I bow to your engineering expertise of course, particularly given I have none, but my understanding was that the 2004 engine was the first 4 stroke premier class racing engine Yamaha designed from the ground up/with a clean sheet for the new class as Honda’s famous V5 990 engine was, with previous engines cobbled together from pre-existing engines designed before the 990 class was extant.
(EDIT Having looked it up on Wiki I do stand to be corrected and probably believed something posted by an anti-Rossi poster on another forum.
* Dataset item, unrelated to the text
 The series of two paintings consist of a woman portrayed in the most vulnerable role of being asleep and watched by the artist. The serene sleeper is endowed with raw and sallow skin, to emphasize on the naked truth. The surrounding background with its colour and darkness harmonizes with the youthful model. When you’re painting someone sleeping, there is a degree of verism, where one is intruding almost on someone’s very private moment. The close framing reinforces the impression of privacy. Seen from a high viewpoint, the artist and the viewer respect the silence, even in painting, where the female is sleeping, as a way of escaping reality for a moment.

What I perhaps recalled was that they reputedly more or less put the 4 stroke engine in the old 500 chassis initially, so the 2004 bike in general was a design entirely purposed for the 4 stroke 990 formula.
They did drastically re- design the engine for 2004 to pretty much what has continued since in terms of screamer vs Big Bang, valves etc as you are no doubt aware).
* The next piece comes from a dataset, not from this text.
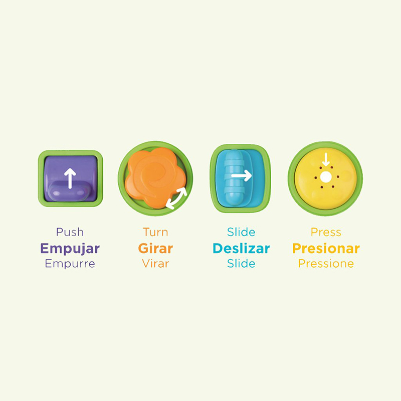 Dos modelos diferentes: en color verde y blanco * Tiene coloridas palancas y botones para empujar, girar, deslizar y presionar * La interacción con cada botón y/o palanca activa la salida de un colorido animalito * Con control de encendido y apagado, y de funciones: luces y juego / sonidos y música * Edad recomendada de uso: +12 meses * Materiales: PVC * BPA free – Libre de ftalatos

Look guys, everybody at Yamaha were sure they got the 2017 bike perfect because Vinales was so fast on it, early on. Rossi struggled and complained that the bike felt strangely understeering, but of course nobody paid attention. That is, until Jerez. They worried for the first time. Then, when the problem reiterated, they tried to solve it but got into confusion, with some help from Michelin's inconsistency and from the feedback offered by their two factory riders.
Yes, because the two riders they have now have very different styles. With Lorenzo and Rossi, Yamaha had parallel feedback that made sense. The two knew what they wanted -- basically the same kind of bike, that was a good common base adjustable to their personal preferences via setup changes. Fine. But now, they have Vinales who is a purely instinctive rider, point and shoot style. He can tell whether he feels fine with the bike or not, but not much more.
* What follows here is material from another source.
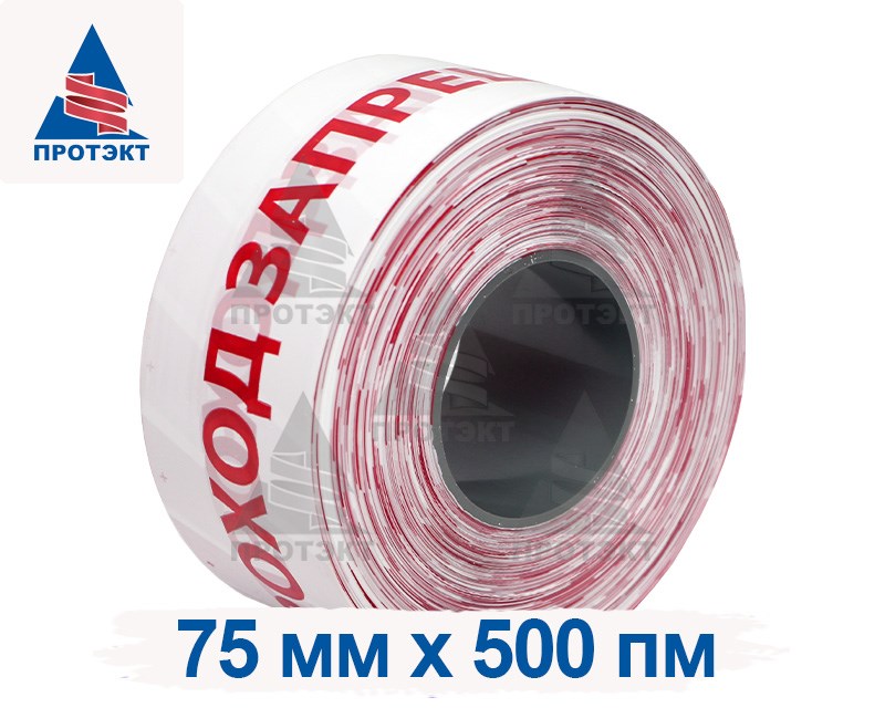 Оградительная лента бело красная с логотипом Проход запрещен ЛО-500/75

Rossi is a corner speed rider who has become more and more analytical as he grows old. He needs the bike in a certain precise way. So probably he gives even too much feedback. But what he says doesn't match with his teammate's feedback, so engineers have a problem. And when engineers compare the two riders' subjective feedback with hard data, they have three things that do not match. So what happens? They go their own way, and Yamaha is becoming more of an engineer's bike as a result, and less of a rider's bike.
The 2016 bike issue: Rossi says it felt fine, but it had the problem of wasting the rear tire before the end of a race. Remember? Now, Zarco is so fast on the 2016 bike because he is the best at managing the Michelin tires. (By the way, he is a French rider who rides for a French team. Vive la France!) Great also for Dorna's business in France.
Interesting notes: the winner of Valencia 2017 was slower than the winner of Valencia 2016 by 20 seconds. Rossi was slower than himself by 15 seconds Similar weather and track conditions. The two factory Yamahas used 2016 frames, courtesy of Tech3: Rossi said it felt better, but he was slower by 15 seconds compared to his 2016 race.
So the tires must have changed really a lot, and Yamaha are those suffering the most. With the lonely exception of Zarco. It will be interesting to see how this situation develops.